▶ _WHAT IS NEEDED_: No picture should appear in the copy. Transcribe exactly, and only, the lines from the one with "チークでできた輪花プレートは、かわいさと実用性を兼ねたミニプレート。" through the last line of the data below.
*** Opening of PROVIDED MATERIAL ***
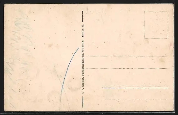 Personenbezogene Daten auf der Rückseite der Karte wurden durch blauen Textmarker unkenntlich gemacht. Die blauen Stellen sind auf die Vorderseite durchgeweicht und wirken sich negativ auf das Postkartenfoto aus
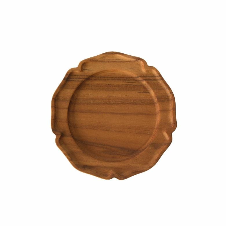 チークでできた輪花プレートは、かわいさと実用性を兼ねたミニプレート。
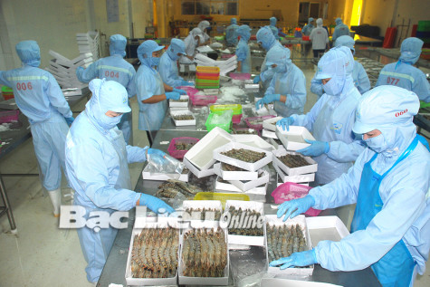 Đóng gói tôm xuất khẩu tại Công ty Tân Phong Phú (huyện Hòa Bình). Ảnh: L.D
*** Close of PROVIDED MATERIAL ***
▶ _OUTPUT FOR THIS EXERCISE_:
 チークでできた輪花プレートは、かわいさと実用性を兼ねたミニプレート。
 Đóng gói tôm xuất khẩu tại Công ty Tân Phong Phú (huyện Hòa Bình). Ảnh: L.D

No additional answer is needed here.